On Tuesday, the librarian of congress rejected the recommendations of the Copyright Arbitration Royalty Panel, a trio of arbitrators who had proposed that Internet radio stations pay some very steep fees to performers and record labels for the right to broadcast their music. This would have been separate from the payments that those stations -- along with their AM and FM counterparts -- deliver to songwriters. It was a new fee structure altogether, one that ordinary radio stations don't pay. It was also much, much higher than the songwriters' fees -- prohibitively high, in fact.
The librarian's decision follows a loud and popular campaign against the panel's proposal, and while it doesn't conclude the discussion -- the Digital Millennium Copyright Act requires some sort of royalty system to be created, and a final proposal is supposed to be devised within the next 90 days -- it does mean that Net stations everywhere are feeling awfully relieved.

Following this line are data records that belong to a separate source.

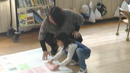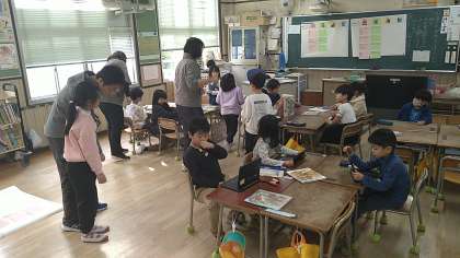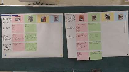 模造紙に4つの昔話についてまとめています。4つの昔話は「ももたろう」「さるかに」「こぶとり」「かもとりごんべえ」です。調べたことをそれぞれの模造紙に貼っています。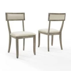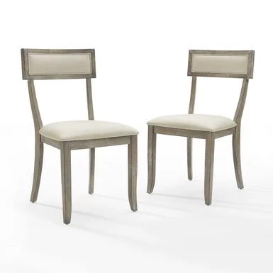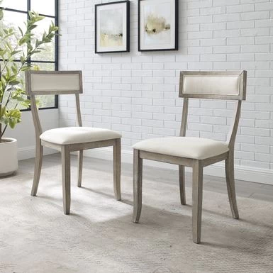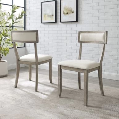 Complete a stylish dining set with these chic dining chairs from Crosley. A contemporary take on a Greek design, these chairs feature a rustic grey finish with padded seats and backrests. These charming chairs pair well with modern farmhouse, traditional, and rustic, decor styles.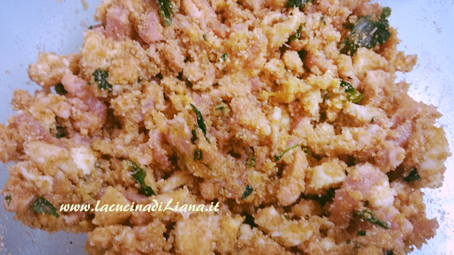 Mescolare il pangrattato tostato con un cucchiaio di prezzemolo tritato, il parmigiano, un tuorlo e la scorza grattugiata del limone; mescolare ed aggiungere la pancetta e la mozzarella, ed infine tanto olio quanto ne servirà per rendere il composto morbido. Regolare di sale e pepe.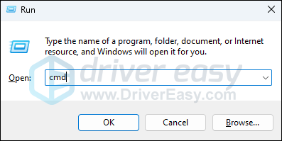 - On your keyboard, press the Windows logo key and R at the same time to open the Run dialog. Type cmd and press Ctrl, Shift and Enter at the same time to run Command Prompt as administrator.

There's a lesson here -- not a new one, but a fact that tends to surprise people when they first probe the strange terrain of intellectual property law and expect to find a rational, well-organized system based on a few simple rules. Turns out, it doesn't make much sense. In fact, it's downright funky. So Internet radio stations will face a fee that FM broadcasters avoid? That's hardly the oddest nuance to the law. Why is it that you can own the rights to a business strategy, but not a fashion design? And what about that strange wrinkle that lets record companies pay artists far less in royalties -- sometimes none -- from sales made through record clubs? (Yes, these are the same record companies who wailed about artists' rights during the Napster debate.)
The world of intellectual property is a political battlefield not unlike a budget bill, with different interest groups competing for shares of the pie. Some of them win, some of them lose, all of them compromise -- and when the outcome coincides with justice, that's more a matter of luck than design.